Friday, November 16, 2007

Australia: Employee Engagement the Key To Keeping Mature Workers Active in Workplace

According to research from the Voice Project at the Department of Psychology at Macquarie University, higher levels of engagement may lead to increased participation rates by mature-aged workers, as engagement has been shown to be associated with positive organizational outcomes such as reduced absenteeism, higher productivity, and lower turnover rates. After surveying workers in age brackets 20-30, 30-40, 40-50, 50-60 and 60 plus, Nick Vrisakis from Voice Project said researchers found there were some significant differences. While younger workers valued career opportunities, rewards and recognition, for older workers wellness was the strongest driver of engagement over and above salary and seniority.
"These results suggest that older workers are looking for less stress in their working lives and that this may be related to the nature of the role rather than the number of hours worked.
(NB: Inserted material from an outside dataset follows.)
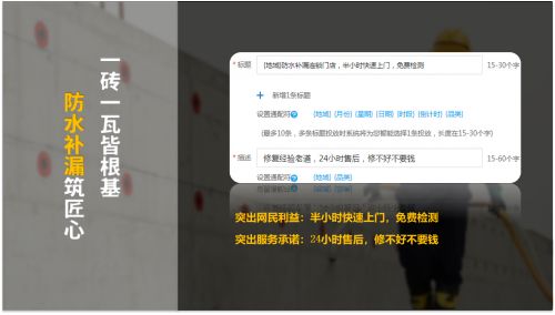 ??長期以來,國內(nèi)防水行業(yè)集中度較低、市場較為分散,呈現(xiàn)“大行業(yè)、小企業(yè)”現(xiàn)象。面對良莠不齊的狀況,雨昂依托一站式服務(wù)能力,突破價格優(yōu)勢,在落地頁上進行“免費上門”、“十年質(zhì)?!钡某兄Z,結(jié)合人性,突出服務(wù)與售后水平。用靠譜有質(zhì)量的施工讓消費者放心,用透明有保障的服務(wù)讓消費者省心。 ??日均分發(fā)150億,影響5億主流消費人群,360信息流廣告幫助雨昂強化用戶認知,推動決策落地。經(jīng)過賬戶優(yōu)化,實現(xiàn)轉(zhuǎn)化量提升120%,點擊量提升257.5%,點擊率提升了60%。雨昂與360的攜手,也讓企業(yè)樹立起可信賴感,筑起一道堅實的品質(zhì)城墻,推動行業(yè)的規(guī)范良性發(fā)展。 ??一磚一瓦皆根基,防水維修筑匠心。通過雨昂的信息流廣告投放案例,360也為防水維修行業(yè)貢獻了可復(fù)制的成功經(jīng)驗:結(jié)合行業(yè)背景,從用戶的實際困擾和需求出發(fā),抓住預(yù)估點擊率、預(yù)估轉(zhuǎn)化率和轉(zhuǎn)化出價三大要素。人群方面,聚焦行業(yè)與業(yè)務(wù)相關(guān)人群;創(chuàng)意方面,抓住受眾心理,突出用戶利益點;落地頁方面,突出產(chǎn)品賣點,縮短轉(zhuǎn)化路徑。 |

Older employees may be happy to work full-time hours if it means they can be exposed to less stress or at least maintain a sense of wellbeing. If older workers could wind down whilst continuing to work it may be that many would continue to work full-time."
In addition, the research showed that overall older workers were more satisfied, committed and had a stronger intention to stay with their organizations. As Vrisakis pointed out, this is good news for employers who are seeking to attract or retain mature-aged workers and provides incentive for other employers to do so.